1. Definition & Recognition (Sepsis-3)
| Term | Definition |
|---|
| Sepsis | Life-threatening organ dysfunction caused by dysregulated host response to infection (SOFA score increase ≥2 points) |
| Septic Shock | Sepsis + vasopressor requirement to maintain MAP ≥65 mmHg + serum lactate >2 mmol/L despite adequate fluid resuscitation |
| qSOFA | ≥2 of: altered mentation, RR ≥22/min, SBP ≤100 mmHg — useful for bedside triage but not recommended as a standalone screening tool |
Triggers for sepsis workup: suspected infection + ≥2 SIRS criteria, rising SOFA, or clinical concern (tachycardia, hypotension, altered mental status, oliguria, mottling).
2. Immediate Actions: The "1-Hour Bundle"
In septic shock: initiate all of the following within 1 hour of recognition.

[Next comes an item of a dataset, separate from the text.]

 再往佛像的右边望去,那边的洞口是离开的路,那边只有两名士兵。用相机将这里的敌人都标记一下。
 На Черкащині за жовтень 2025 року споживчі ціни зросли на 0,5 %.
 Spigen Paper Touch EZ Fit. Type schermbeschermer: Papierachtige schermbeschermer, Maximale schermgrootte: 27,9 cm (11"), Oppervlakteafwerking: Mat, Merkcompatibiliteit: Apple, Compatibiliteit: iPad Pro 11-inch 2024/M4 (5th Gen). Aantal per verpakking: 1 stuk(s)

- Draw blood cultures (≥2 sets, aerobic + anaerobic) before giving antibiotics
- Measure serum lactate — if >2 mmol/L, remeasure within 2 hours
- Administer IV broad-spectrum antibiotics — immediately, ideally ≤1 hour of recognition (every 1-hour delay in appropriate antibiotics is associated with an estimated 7–8% increase in mortality)
- Begin IV fluid resuscitation: 30 mL/kg balanced crystalloid bolus within 3 hours
- Start vasopressors if MAP remains <65 mmHg after initial fluid
For suspected sepsis without shock: a time-limited clinical evaluation is appropriate; if an alternative diagnosis cannot be identified within 3 hours, begin empiric antibiotics.

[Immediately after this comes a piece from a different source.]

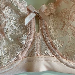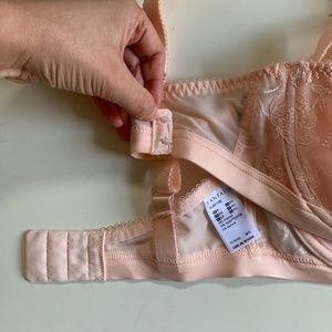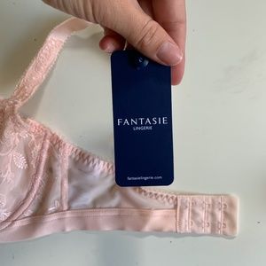 Lacy unlined Fantasie bra in US size 30G/UK 30F. LOVE this but it is out of my price range and I shouldn't have bought it (or the black one of the same size in my closet). I am listing this item for one month to try and make up for my mistake. NWT, only worn to try on. Dreamy soft band and flower lace detailing on cups. Fantasie runs a little small in the cup. I am normally a UK F cup but this one was a *little* snug. Not too bad, but definitely something to keep in mind. avail till end january

3. Hemodynamic Resuscitation & Monitoring
3a. Fluid Resuscitation
- Initial: 30 mL/kg IV balanced crystalloid (Lactated Ringer's preferred over normal saline) within 3 hours
- Subsequent: reassess with dynamic measures of fluid responsiveness — passive leg raise, pulse pressure variation, stroke volume variation, or echocardiography
- Albumin: consider adding when large volumes of crystalloid are required (recent 2024 meta-analysis [PMID 39969316] supports albumin in volume-refractory shock)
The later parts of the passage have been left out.